O inconformismo dele no cinema surge, perfeito e intacto, neste
livro, em que, em facsimile do caderno original, em colagens de recortes (de jornal, de postais, de fotografias), ele se explica extensamente sobre
as suas perplexidades, a sua consciência dos meios ao seu dispôr e
dos seus limites, do mesmo passo que ensaia a colagem como fundamento-base do cinema. Um artista como ele é descobre-se e inventa-se
perante a resistência dos meios e materiais que tem ao seu dispor, não perante a
facilidade de um argumento ou de um orçamento. Neste livro, que vale um filme, muito mais
que um making-of, descobrimos um artista que, confrontado com as dificuldades em prosseguir as filmagens, se interroga perante o seu
tempo e interroga a sua arte num tempo concreto e num espaço
específico.
Ora isto é a arte, a grande arte: não seguir ao ritmo e no sentido do
tempo, mas questionar-se a si próprio enquanto se questiona o espaço e o
tempo em que se vive - e aqui ele vai no sentido do artista renascentista no
cinema, que questiona a criação do mundo para por sua vez o criar de novo, o que ele
vai fazer na trilogia.

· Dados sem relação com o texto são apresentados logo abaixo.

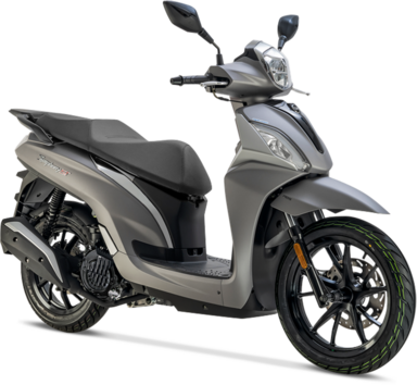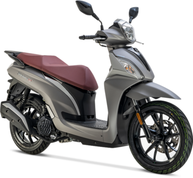 La famiglia dei ruote alte SYM è ampia. Il Sympony "base" è compatto quanto basta per infilarsi senza problemi tra le auto in coda, va bene per tutte le stature: ha la sella bassa e la pedana piatta ma stretta (c’è giusto lo spazio per i piedi). Il vano sottosella può accogliere solo un casco jet con visiera, ma di serie c’è anche il bauletto con poggiaschiena per il passeggero.

É
fácil, muito fácil dizer que Pedro Costa é um grande artista
contemporãneo, mas o que é preciso é passar por este "Casa de
Lava - Caderno", que é acompanhado por uma conversa actual do cineasta com Nuno Crespo e um ensaio de Philippe Azoury, para perceber como ele se auto-engendrou em diálogo com a história,
incluindo a do cinema, e em monólogo consigo próprio.